Which jobs are failing: kind-ipv6-master-parallel

Which test(s) are failing:
The primary concern is Overall failing when starting up the kind cluster, but the following tests have also failed intermittently:

[k8s.io] [sig-node] Pods Extended [k8s.io] Delete Grace Period should be submitted and removed [Conformance]
[sig-apps] StatefulSet [k8s.io] Basic StatefulSet functionality [StatefulSetBasic] Should recreate evicted statefulset [Conformance]
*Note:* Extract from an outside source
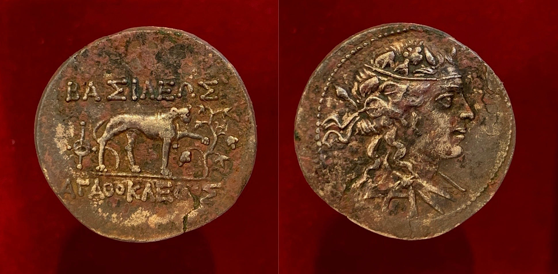 Baktria, Greco-Baktrian Kingdom. Agathokles Dikaios. Circa 185-175 BC. CU-NI Double Unit

Since when has it been failing: seeing the Overall failure as early as 9/30

Testgrid link: https://k8s-testgrid.appspot.com/sig-release-master-blocking#kind-ipv6-master-parallel

Reason for failure:

W1001 01:12:24.390] [control-plane] Crea
W1001 01:12:24.390]  ✗ Starting control-plane 🕹️
W1001 01:12:24.391] ERROR: failed to create cluster: failed to init node with kubeadm: command "docker exec --privileged kind-control-plane kubeadm init --ignore-preflight-errors=all --config=/kind/kubeadm.conf --skip-token-print --v=6" failed with error: signal: broken pipe
W1001 01:12:24.393] 
W1001 01:12:24.393] Output:
W1001 01:12:24.393] I1001 01:12:18.884072     101 initconfiguration.go:190] loading configuration from "/kind/kubeadm.conf"
W1001 01:12:24.393] [config] WARNING: Ignored YAML document with GroupVersionKind kubeadm.k8s.io/v1beta2, Kind=JoinConfiguration
W1001 01:12:24.393] [init] Using Kubernetes version: v1.17.0-alpha.0.1939+c9f8b8b52526a7
skipped 145 lines unfold_more
W1001 01:12:32.637]   File "/workspace/./test-infra/jenkins/../scenarios/execute.py", line 30, in check
W1001 01:12:32.637]     subprocess.check_call(cmd)
W1001 01:12:32.637]   File "/usr/lib/python2.7/subprocess.py", line 186, in check_call
W1001 01:12:32.638]     raise CalledProcessError(retcode, cmd)
W1001 01:12:32.638] subprocess.CalledProcessError: Command '('./../../sigs.k8s.io/kind/hack/ci/e2e.sh',)' returned non-zero exit status 1
E1001 01:12:32.649] Command failed
I1001 01:12:32.650] process 553 exited with code 1 after 7.2m
E1001 01:12:32.650] FAIL: ci-kubernetes-kind-ipv6-e2e-parallel

Anything else we need to know:
I did some light investigation and I can see that it appears the failure is occurring when initializing kubeadm here. This might just be a situation where we want to bump the number of failures until alert :)

/priority important-soon
/milestone v1.17
/kind flake
/sig testing

/cc @alenkacz @droslean @Verolop @epk @aojea @BenTheElder

The text was updated successfully, but these errors were encountered:

liggitt · 2019-10-14T14:22:41Z

cc @BenTheElder for kind
cc @neolit123 for kubeadm

aojea · 2019-10-14T14:33:00Z

I was chasing flakes in this job and we have a fix ready to merge to solve some of them,
~~The problem is not related to the kubeadm init process~~, more info in the following issue kubernetes-sigs/kind#944

My bad, my apologies, I just found the errors mentioned in this issue and seems totally legit, will try to narrow it down

aojea · 2019-10-14T14:34:13Z

/assign

neolit123 · 2019-10-14T14:40:12Z

i think the flakes are on the /test/e2e side and not on the deployer sides (kind / kubeadm).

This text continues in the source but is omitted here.